> **Description of the task**: What you should give back is a precise copy of the lines below from the one containing "До числа 56" through the one containing "1、抢装顺序:暴风大剑>拳套>反曲弓>无用大棒>女神泪。", with no pictures.

> **Provided records**:

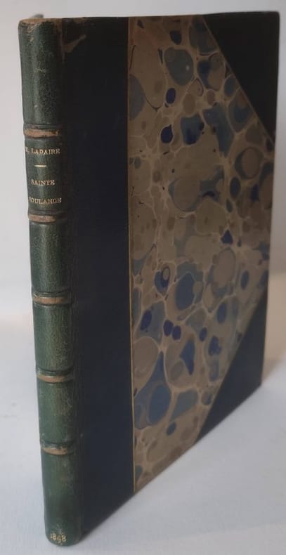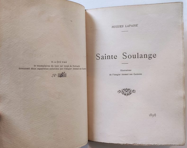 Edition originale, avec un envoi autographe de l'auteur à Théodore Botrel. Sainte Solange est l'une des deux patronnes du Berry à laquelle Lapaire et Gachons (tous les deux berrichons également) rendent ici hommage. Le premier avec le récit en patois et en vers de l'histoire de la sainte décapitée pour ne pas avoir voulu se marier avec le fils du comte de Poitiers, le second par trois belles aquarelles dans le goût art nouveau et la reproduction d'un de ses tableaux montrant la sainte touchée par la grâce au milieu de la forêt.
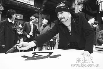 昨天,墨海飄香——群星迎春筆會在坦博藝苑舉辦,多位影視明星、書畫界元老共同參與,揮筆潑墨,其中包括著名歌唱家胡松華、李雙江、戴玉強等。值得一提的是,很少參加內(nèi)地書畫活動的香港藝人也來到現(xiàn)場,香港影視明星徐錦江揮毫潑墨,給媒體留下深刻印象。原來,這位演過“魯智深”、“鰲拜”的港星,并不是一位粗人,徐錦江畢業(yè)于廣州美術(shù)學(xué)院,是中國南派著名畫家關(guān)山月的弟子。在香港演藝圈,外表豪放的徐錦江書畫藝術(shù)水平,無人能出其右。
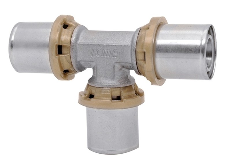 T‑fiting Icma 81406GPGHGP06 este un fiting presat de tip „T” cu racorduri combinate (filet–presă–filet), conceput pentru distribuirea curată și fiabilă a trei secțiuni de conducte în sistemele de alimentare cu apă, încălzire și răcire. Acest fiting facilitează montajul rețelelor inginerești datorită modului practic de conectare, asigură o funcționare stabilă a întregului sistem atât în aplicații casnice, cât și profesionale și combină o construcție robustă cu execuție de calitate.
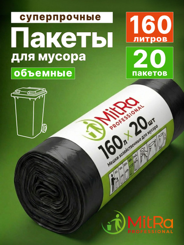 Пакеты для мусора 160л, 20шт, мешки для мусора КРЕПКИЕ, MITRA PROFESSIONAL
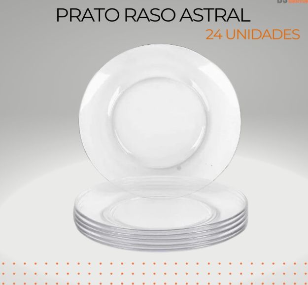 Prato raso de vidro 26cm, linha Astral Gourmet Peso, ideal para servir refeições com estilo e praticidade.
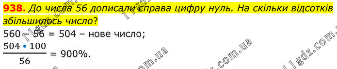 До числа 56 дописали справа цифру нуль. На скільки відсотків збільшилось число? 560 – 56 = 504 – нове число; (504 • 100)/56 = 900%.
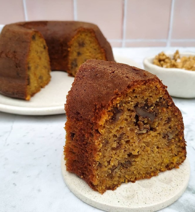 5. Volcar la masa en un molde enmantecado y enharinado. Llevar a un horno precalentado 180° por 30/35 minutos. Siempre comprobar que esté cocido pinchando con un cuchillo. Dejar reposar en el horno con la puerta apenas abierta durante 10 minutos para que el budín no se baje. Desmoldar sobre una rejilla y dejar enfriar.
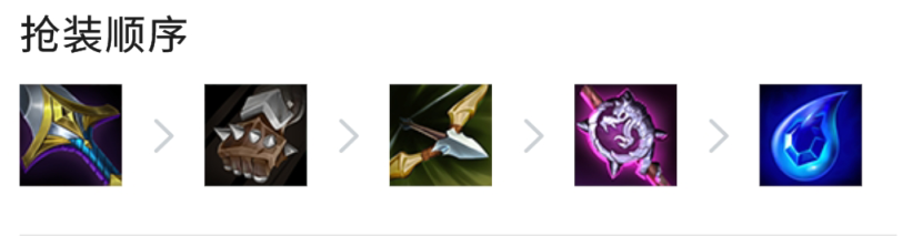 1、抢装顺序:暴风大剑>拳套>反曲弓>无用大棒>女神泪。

...

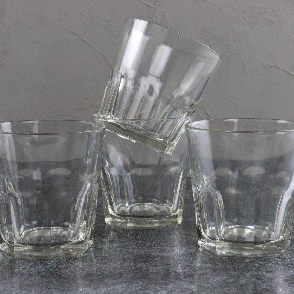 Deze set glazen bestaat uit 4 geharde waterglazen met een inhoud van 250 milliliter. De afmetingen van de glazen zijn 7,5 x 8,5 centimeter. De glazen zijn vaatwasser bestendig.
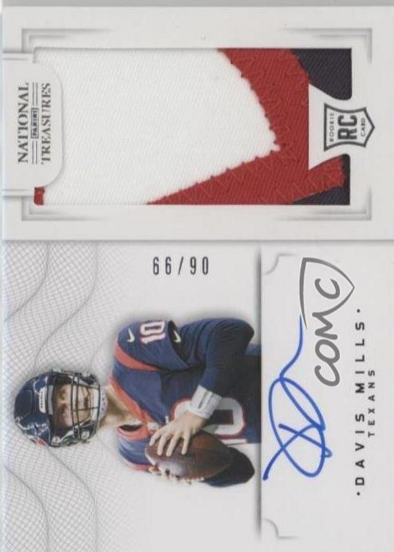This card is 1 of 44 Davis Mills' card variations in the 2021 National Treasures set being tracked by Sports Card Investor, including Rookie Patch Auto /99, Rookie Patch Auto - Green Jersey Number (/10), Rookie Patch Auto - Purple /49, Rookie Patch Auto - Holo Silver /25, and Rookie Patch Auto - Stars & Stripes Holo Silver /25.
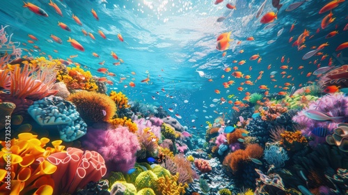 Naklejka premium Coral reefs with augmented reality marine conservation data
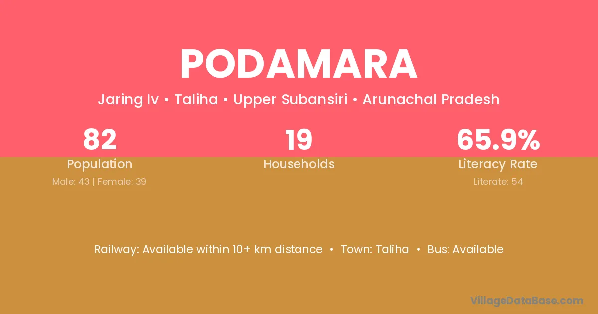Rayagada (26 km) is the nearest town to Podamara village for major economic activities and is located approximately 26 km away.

--

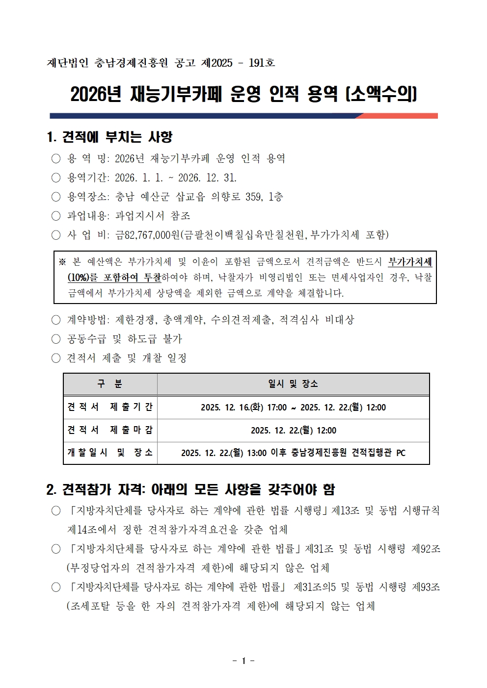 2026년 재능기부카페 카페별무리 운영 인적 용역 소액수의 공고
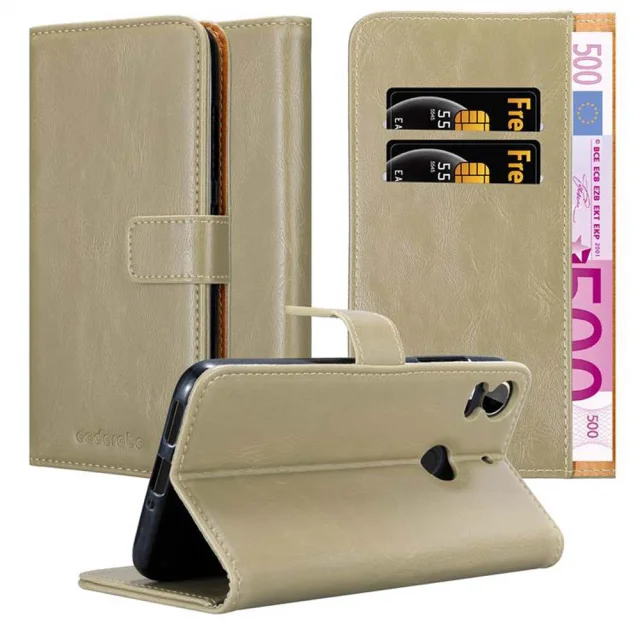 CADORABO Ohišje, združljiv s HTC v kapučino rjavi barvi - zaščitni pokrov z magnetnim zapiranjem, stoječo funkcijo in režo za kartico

> **Worked solution**:
 До числа 56 дописали справа цифру нуль. На скільки відсотків збільшилось число? 560 – 56 = 504 – нове число; (504 • 100)/56 = 900%.
 5. Volcar la masa en un molde enmantecado y enharinado. Llevar a un horno precalentado 180° por 30/35 minutos. Siempre comprobar que esté cocido pinchando con un cuchillo. Dejar reposar en el horno con la puerta apenas abierta durante 10 minutos para que el budín no se baje. Desmoldar sobre una rejilla y dejar enfriar.
 1、抢装顺序:暴风大剑>拳套>反曲弓>无用大棒>女神泪。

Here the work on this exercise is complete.